Two relevant stackoverflow questions I found: Q1, Q2. A deeper explanation would be appreciated.
Also, currently I can't recover the timeout value (5th word in line1 3598
) or the connection state (ESTABLISHED
, [ASSURED]
) with the code I have provided here. I'm still a beginner at lua and hope to crack this soon.
*NOTE: This parser is my fixed version of the one available in the luci sys module on openwrt routers. See original luci.sys sourcecode for details.
While working with on attitude adjustment 12.09, I noticed that their net.conntrack() isn't working due to a failure in parsing the object to a proper JSON format. The relevant function using this pattern is given in the sys.lua file, called function conntrack(callback) and internal function _parse_mixed_record(cnt, delimiter). My router used luci-0.11 and lua 5.1.4.
That pattern was designed to keep only the forward part of each line. Here's how it does that. The second parenthesis, ( [^ =]+=)
, captures the first substring of the form " stuff="
. Then the %2
at the end of the pattern will only match if that same, string, " stuff="
appears again. So on a line like
ipv4 2 tcp 6 3598 ESTABLISHED src=192.168.1.117 dst=137.194.2.78 sport=59078 dport=80 packets=4 bytes=298 src=137.194.2.78 dst=132.227.127.212 sport=80 dport=59078 packets=3 bytes=567 [ASSURED] mark=0 use=2
the second capture will be " src="
, so the first capture, which is what is assigned to line
, will be the whole initial portion of the line until just before the second time src=
appears, that is, this initial part:
ipv4 2 tcp 6 3598 ESTABLISHED src=192.168.1.117 dst=137.194.2.78 sport=59078 dport=80 packets=4 bytes=298
If you wanted to get the second half too, and assign it to a different variable, you could replace the line = ...
statement with
line1, _, line2 = line:match("^(.-( [^ =]+=).-)(%2.*)$")
This would assign to line1 the first half of the line (as was previosly assigned to line), and to line2, the remainder, sarting from the second occurence of " src="
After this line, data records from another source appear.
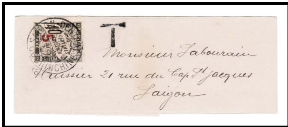
POSTAL MARKINGS SAIGON-CENTRAL COCHINCHINE 28 AOUT 05 large, plain "T" (postage due)

In 1905, the sender failed to add any postage to a wrapper addressed locally within Saigon. As a consequence, a postal clerk applied a large "T" with black ink. Additionally, he affixed a 5-centime postage due stamp for the minimum postage due amount.
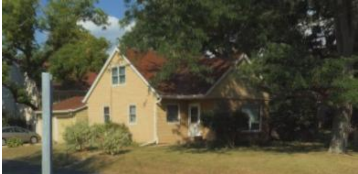
Bing Maps --- 3922

Two single-family homes, constructed circa 1955
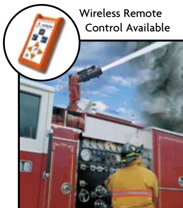
Wireless Remote Control Available

Combine with the new SaberMaster nozzle to meet new NFPA 1901 recommendations to use remote control monitors for safe deck gun operations.

. For the example line above, you'd get
line1 = "ipv4 2 tcp 6 3598 ESTABLISHED src=192.168.1.117 dst=137.194.2.78 sport=59078 dport=80 packets=4 bytes=298"
line2 = " src=137.194.2.78 dst=132.227.127.212 sport=80 dport=59078 packets=3 bytes=567 [ASSURED] mark=0 use=2"
Note: The _
in between line1
and line2
is there to catch the second capture (which here is the string " src="
), remember that match returns all captures, in order, whether you want them or not.